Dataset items
========================
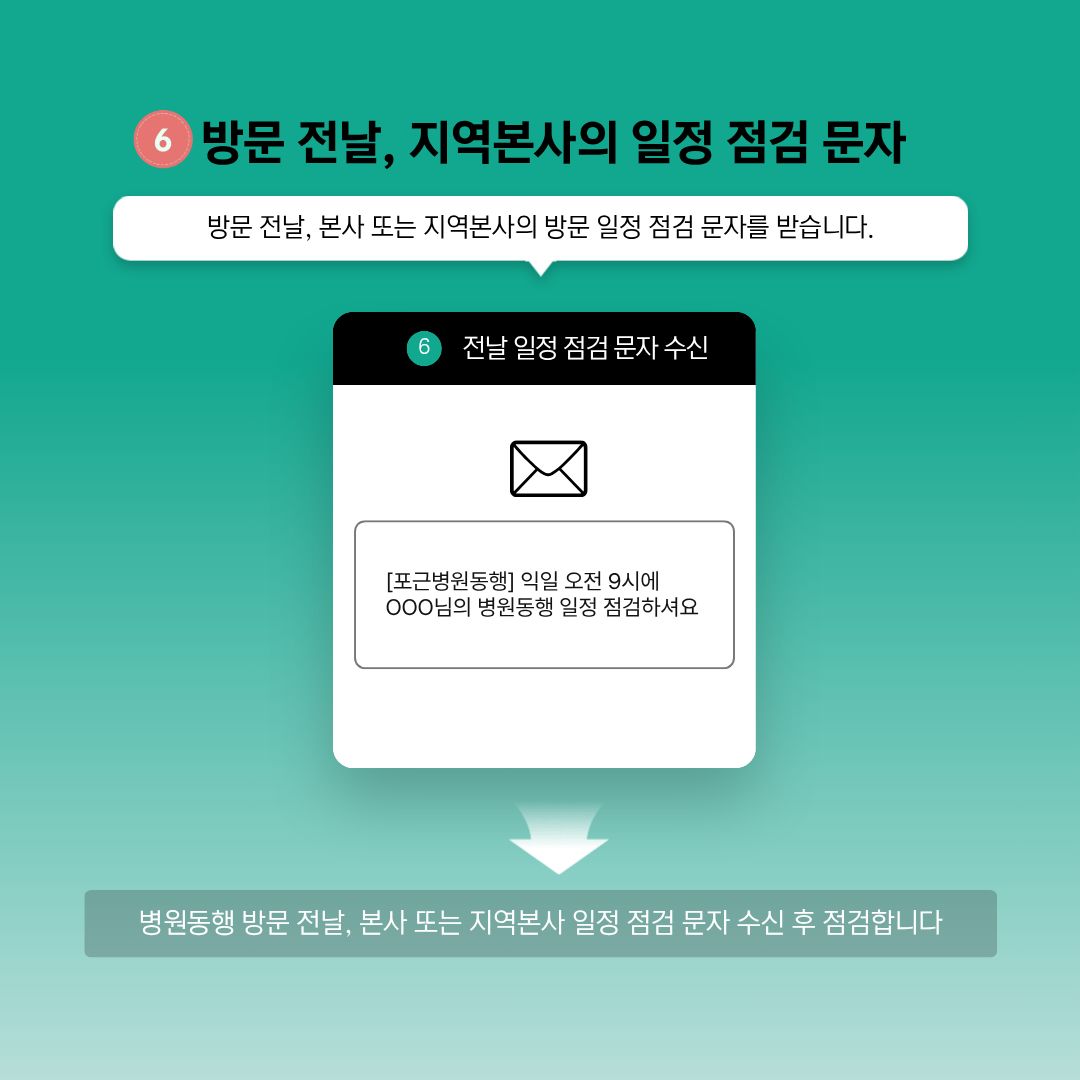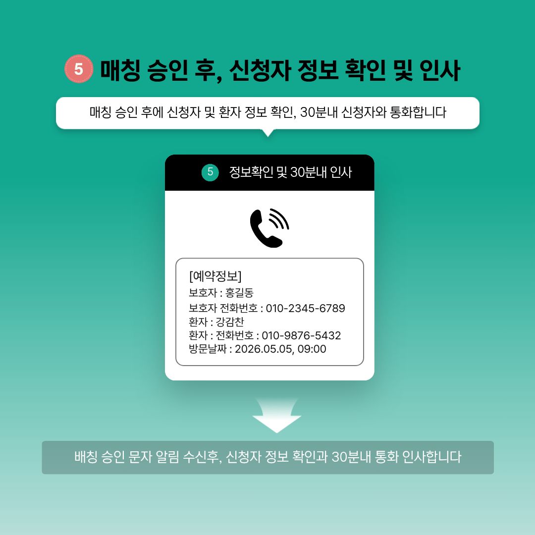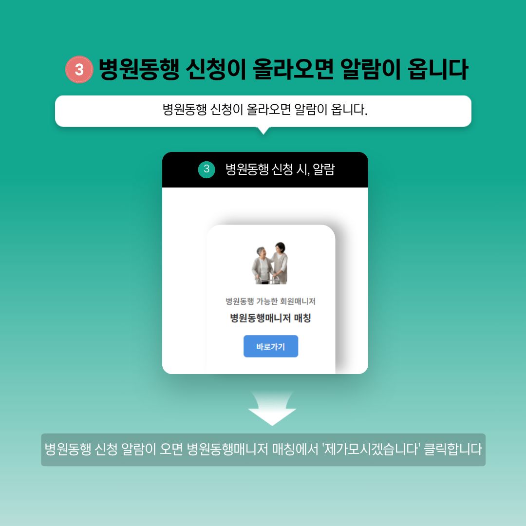 - 서비스 이용 시: 예약 정보(방문 예정 병원, 진료과, 예약 일시 등), 동행 관련 요청 사항
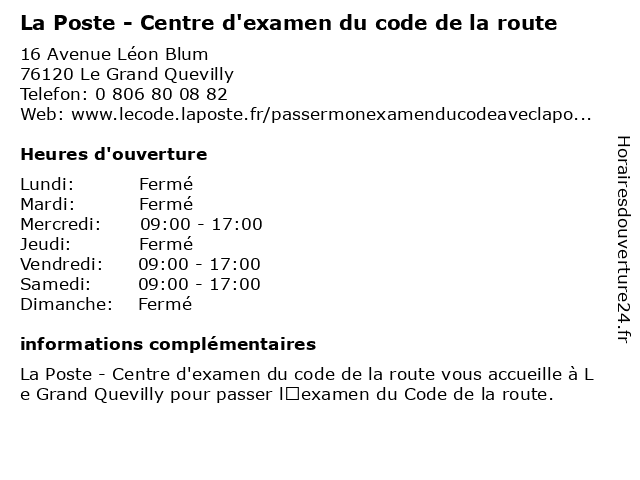 Termes de recherche pour La Poste - Centre d'examen du code de la route:poste, la, du, de, route, centre, code, d'examen, centre d'évaluation scolaire, école technique |
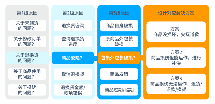 分类一般最多分成三层,可以从售前与售后两大类出发,售后可包含退货退款、发错货、物流配送问题、商品质量问题等。具体的分类,还是要按照您的业务特性来决定。
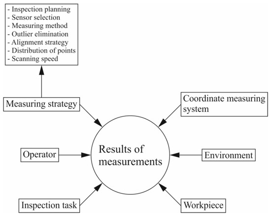 This article concerns coordinate measurements carried out by means of coordinate measuring machines cooperating with contact scanning measuring probes, which produce more accurate measurement data than CMMs with non-contact measuring probes [5]. The effectiveness of contact coordinate measurements depends on the accuracy of the measurements and the duration of a given measurement task. The accuracy of contact coordinate measurements is influenced by a number of factors, including for instance, the environmental conditions prevailing in a measurement laboratory where a coordinate measuring machine is located, the accuracy of the coordinate measuring system and the applied measurement strategy [11]. Depending on the type of a coordinate measuring system, a measurement strategy may include various elements. For example, in the case of a coordinate measuring machine equipped with a contact measuring probe, the elements of a measurement strategy may include the scanning speed, the number of measurement points and their distribution on the surface of a measured product, the probe radius correction method adopted for calculating corrected measurement points based on the indicated measurement points, the filtration parameters of the measurement results, the methods of calculating associated elements, the ways of mounting a measured product on a CMM and determining a coordinate system of the workpiece under investigation, the settings regarding the removal of outliers and the use of a rotary table [11,12,13]. An overview of the factors determining the final coordinate measurement results is presented in Figure 1, which also includes examples of the elements that are part of the coordinate measurement strategy. The measurement strategy is one of the factors that have the greatest influence on the contact coordinate measurement results [13]. Therefore, in order to carry out accurate and fast coordinate measurements on a selected product, it is necessary not only to select the right measuring system, but also to use a measurement strategy appropriately selected for the given measurement task [14].
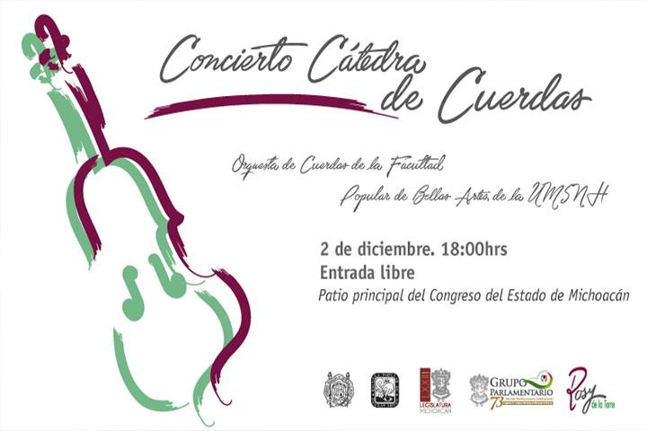 Con ocasión de la celebración del Día Internacional del Músico, la bancada priísta del Congreso del estado, a iniciativa de la diputada Rosa María de la Torre, llevará a cabo el concierto "Cátedra de Cuerdas" interpretado por la Orquesta de Cuerdas de la Facultad Popular de Bellas Artes de la Universidad Michoacana de San Nicolás de Hidalgo.
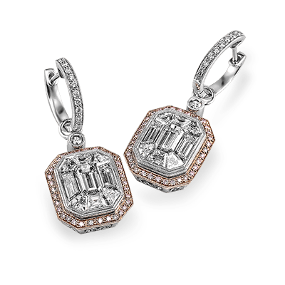 These dramatic, contemporary earrings feature an intricate center diamond mosaic accentuated by even more white and pink diamonds.
========================
### Exercise directions
Please repeat, with no pictures, each line from the start of the records above through the line with "分类一般最多分成三层,可以从", inclusive, and only those.

### Task result
 - 서비스 이용 시: 예약 정보(방문 예정 병원, 진료과, 예약 일시 등), 동행 관련 요청 사항
 Termes de recherche pour La Poste - Centre d'examen du code de la route:poste, la, du, de, route, centre, code, d'examen, centre d'évaluation scolaire, école technique |
 分类一般最多分成三层,可以从售前与售后两大类出发,售后可包含退货退款、发错货、物流配送问题、商品质量问题等。具体的分类,还是要按照您的业务特性来决定。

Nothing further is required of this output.